Traction has a long history in the United States. In the middle of the last century, if someone injured their back, they might have put them in a body cast or in traction in a bed for some time.
I recommend the Teeter’s Hangups to patients because that’s what I have and love. I ordered it when I was a resident because I was having a lot of back pain. I was shocked at how effective it was. It’s a well-made, heavy-duty device. I admit I don’t use it as consistently as I should, but anytime my back flares-up, I’ll use it for several days. Ideally, you treat it like brushing your teeth and do it every day. I would say 90% of our patients find it useful when they do it regularly.
I’ve had my inversion table for 15 years. I would be careful not to get a cheap brand. You’re going to be hanging upside down, and if you didn’t get your feet strapped correctly, you could be severely injured or even killed if you fell directly on your head.
Inversion Therapy Can be a Powerful Aid in Treatment
I’ve had patients who didn’t need to do anything to help their back pain other than getting an inversion table.
For most people who get to us Inversion alone is not enough. Interventions such as Rhizotomy, epidural lysis, epidural steroids, spinal cord stimulation, or even surgery may be needed to get their pain under control. Even for patients who do need interventions, rehabilitation can improve outcomes and help the relief last longer or become permanent.
The vast majority of our patients that are able to get excellent results with interventional techniques combined with rehabilitation including, for many, inversion therapy.
What You Can Do at Home
Before beginning any home rehab program, and particularly inversion therapy, check with a qualified physician, physical therapist or chiropractor.
We recommend inversion therapy in conjunction with an exercise that strengthens and stabilizes the spine. For example, air squats, neural-flossing exercises, and inversion therapy.
Air squats are precisely what they sound like: you do a squat with the correct form. We encourage people to do 10 them four times a day in conjunction with inversion therapy. Inversion therapy and air squats are a powerful combination. People with bad knees or balance problems may not be able to do air squats. Everyone should take proper precautions- holding on to a secure bar or having a well place chair to avoid injury
Neural flossing is a simple exercise where you pull your knees into your chest and then straighten your legs up towards the ceiling.

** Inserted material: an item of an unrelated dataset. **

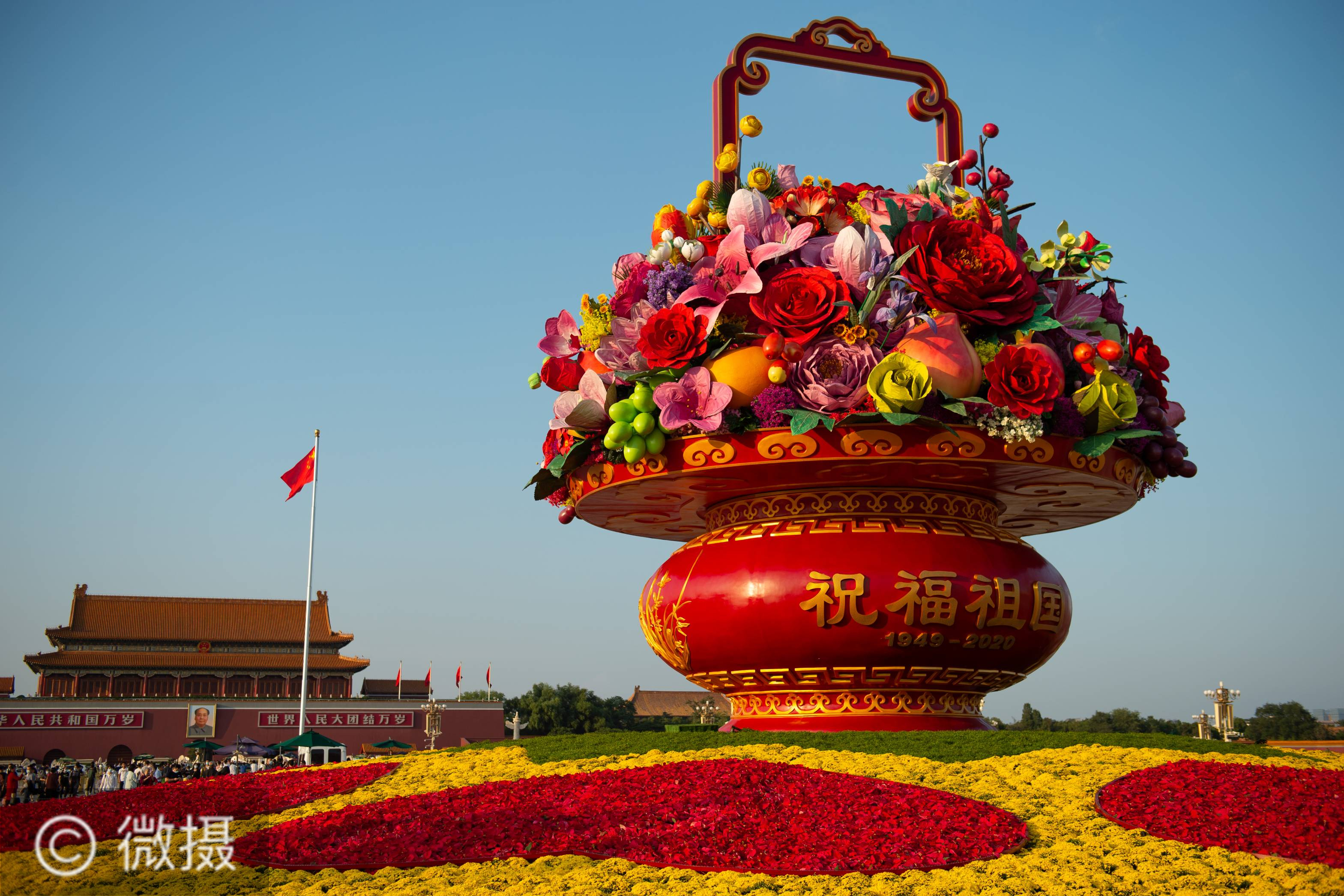这是9月24日拍摄的“祝福祖国”大花篮。当日,“祝福祖国”大花篮主体完工,亮相天安门广场。大花篮顶高18米,篮内摆放有全国各地代表性“花卉”及富有吉祥寓意的“果实”,花坛底部则是由鲜花构成的10颗红心图案。大花篮计划于25日正式完工。新华社记者陈钟昊摄

In my experience, the best treatment of chronic spinal pain is a three-pronged approach: rehabilitation, interventional techniques, and medications. Inversion therapy is an important tool in the majority of properly selected patients.
While inversion therapy is not a cure all, and most of our patients need interventional procedures and medications to maximally control their pain, it is a useful adjunct to treatment.

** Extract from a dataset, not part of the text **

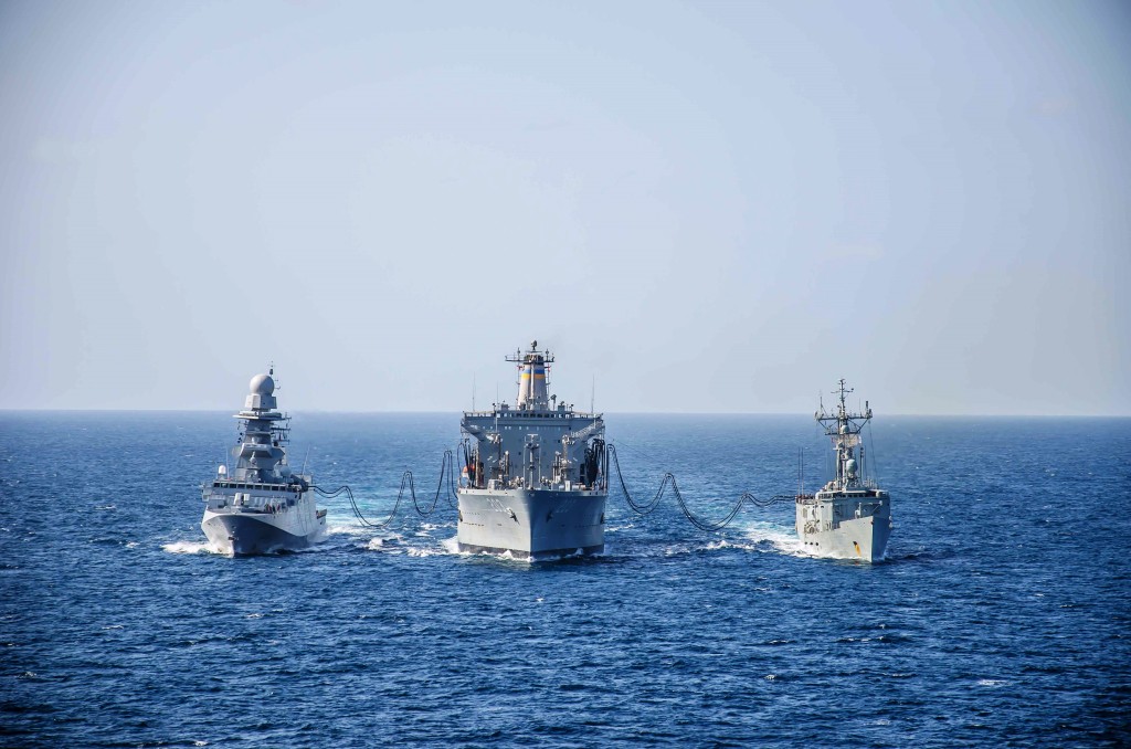 ITS Carabiniere and Spanish warship ESPS Victoria met with USNS Laramie and carried out a combined replenishment at sea (RAS).

We’ve seen an 80-85% success rate in biomedical spine pain and other chronic pain using our three-pronged approach. Even patients who have had surgery and still have pain are likely to get good results with this approach.If you can improve the biomechanics, you can reverse some of the degenerative changes – not all changes, but enough to make a difference
Even people who failed to improve in the past have hope today. Techniques are better and technical advances in Spinal Cord Stimulation are revolutionizing the treatment of chronic pain.